> _Data_
------------------------------------------------

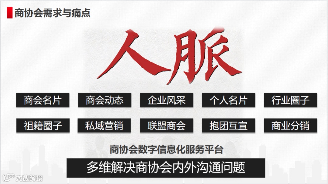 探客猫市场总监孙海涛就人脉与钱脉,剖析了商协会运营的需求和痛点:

------------------------------------------------

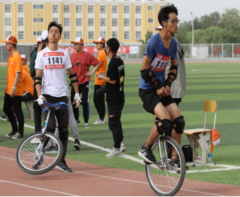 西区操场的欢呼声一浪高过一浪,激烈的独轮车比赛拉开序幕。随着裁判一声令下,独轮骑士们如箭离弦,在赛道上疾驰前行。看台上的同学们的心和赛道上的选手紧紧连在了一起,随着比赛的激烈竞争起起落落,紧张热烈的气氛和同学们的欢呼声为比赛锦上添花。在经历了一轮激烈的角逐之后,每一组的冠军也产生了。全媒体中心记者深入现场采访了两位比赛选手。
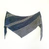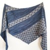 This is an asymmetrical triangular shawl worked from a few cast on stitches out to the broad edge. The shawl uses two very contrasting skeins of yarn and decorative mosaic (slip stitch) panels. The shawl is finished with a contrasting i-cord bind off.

------------------------------------------------

> _Work item_
In the data above, retype only the stretch from the line with "西区操场的欢呼声一浪高过一浪" through the line with "This is an asymmetrical", word for word, and skip any pictures.

> _Task output_
 西区操场的欢呼声一浪高过一浪,激烈的独轮车比赛拉开序幕。随着裁判一声令下,独轮骑士们如箭离弦,在赛道上疾驰前行。看台上的同学们的心和赛道上的选手紧紧连在了一起,随着比赛的激烈竞争起起落落,紧张热烈的气氛和同学们的欢呼声为比赛锦上添花。在经历了一轮激烈的角逐之后,每一组的冠军也产生了。全媒体中心记者深入现场采访了两位比赛选手。
 This is an asymmetrical triangular shawl worked from a few cast on stitches out to the broad edge. The shawl uses two very contrasting skeins of yarn and decorative mosaic (slip stitch) panels. The shawl is finished with a contrasting i-cord bind off.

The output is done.